The mussels were the best I'd ever had, and I noticed the guy next to me — with wind-chapped cheeks and a graying goatee — savoring his own bowlful.
"Where are they from?" I asked.
"Me," he said.
Gary Moretti, along with his son, Matthew, runs Bangs Island Mussels in a warehouse just behind the restaurant. They harvest the sweet little bivalves from ropes that dangle below rafts several miles offshore, motor them to the wharf and then deliver them to area restaurants.
Succulent and fresh, this dinner was a far cry from my first taste of Maine a couple of decades earlier when I had the equivalent of a dining cliché: a rubbery steamed lobster at a touristy cafe in Bar Harbor. I've been to this ruggedly beautiful state several times since the attack of the rubber lobster, but Portland was never more than a pit stop on my way to visit a poet friend and his family on a pond far from the coast.
Last winter, I finally decided to make Portland, Maine's largest city, a destination. I'd heard it had become one of the East Coast's hottest spots, I was already in Boston for business and a different set of friends had settled in Portland, so I took a two-hour drive up the coast from Boston. My four-day stay in the Old Port — the heart of the sea-to-table movement in Maine — left me hungry for more.

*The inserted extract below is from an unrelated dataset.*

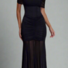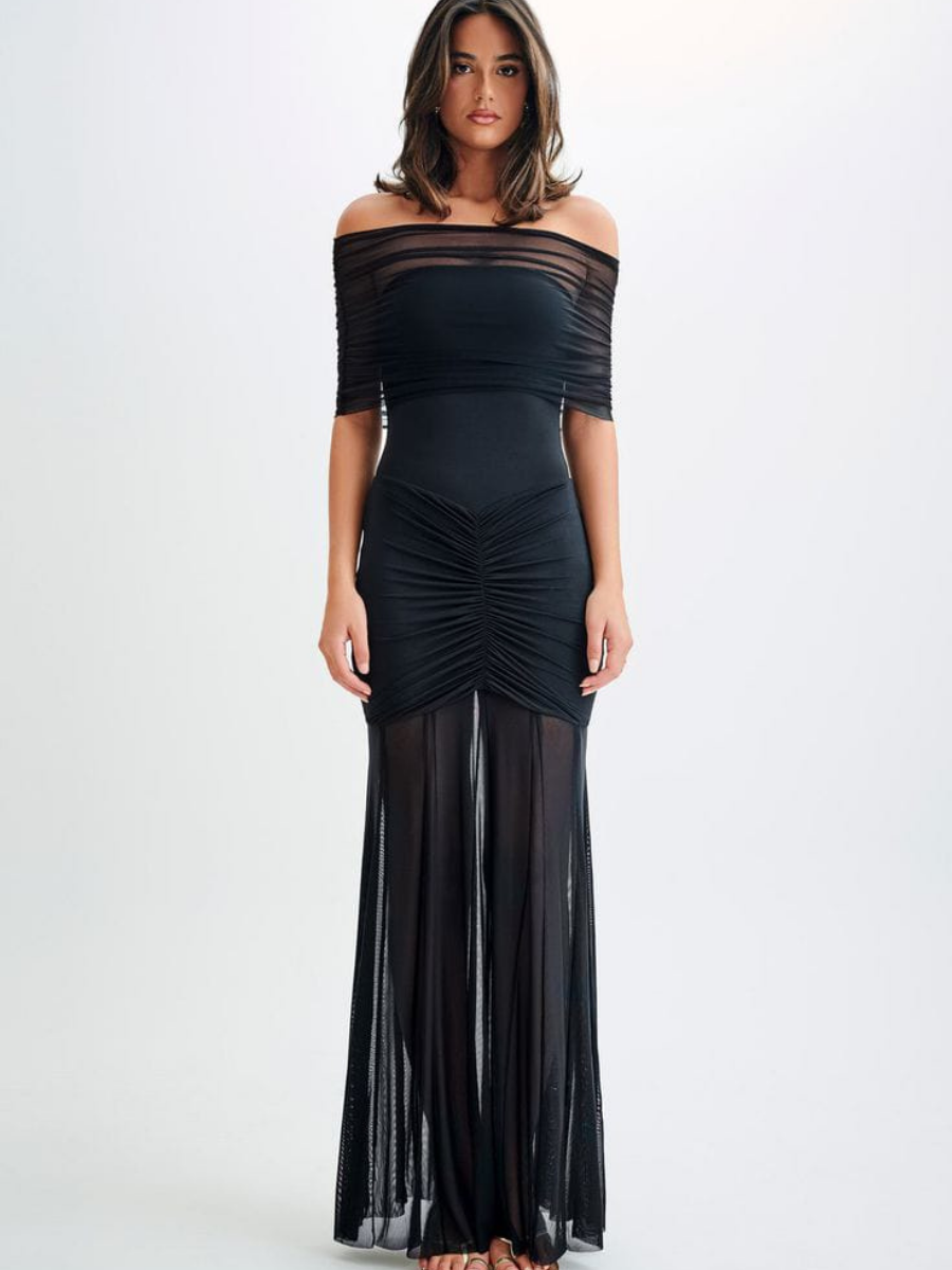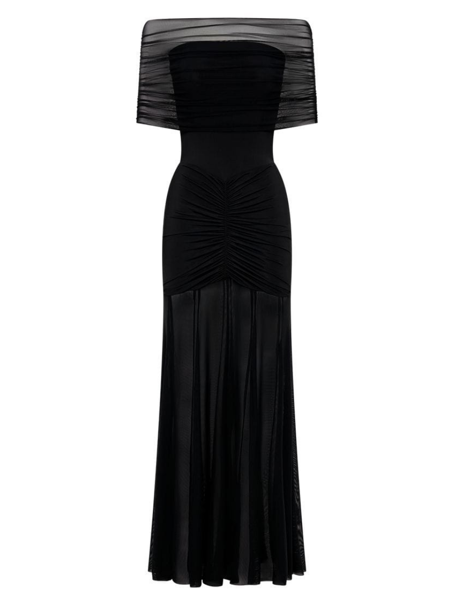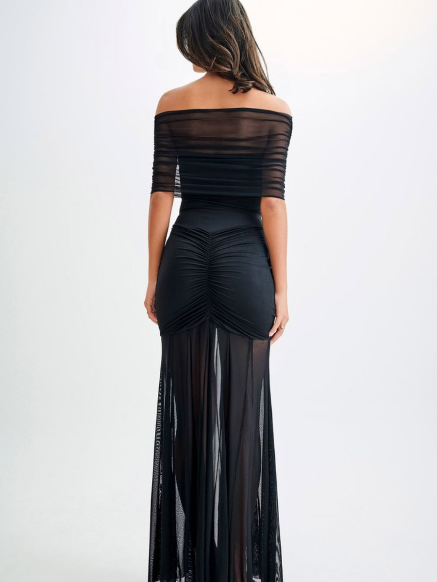 A sleek silhouette that hugs the body through the waist and hips, finished with a sheer, fluid fall. Balanced, sharp, and refined.

Portland is a thumb-like peninsula that juts into Casco Bay, an easy 100 miles north of Boston with several worthy diversions along the way. I detoured to Rachel Carson National Wildlife Refuge in Wells, Maine, where I trudged through knee-deep snow on a mile-long path through a pine forest overlooking an icy salt marsh. The area is named after the author of "Silent Spring," the 1962 book credited with sparking an environmental revolution; it was inspired, in part, by summers spent on Maine's coast. I also made a quick stop in Kennebunkport, a sleepy seaside village with a trolley museum and a quaint downtown.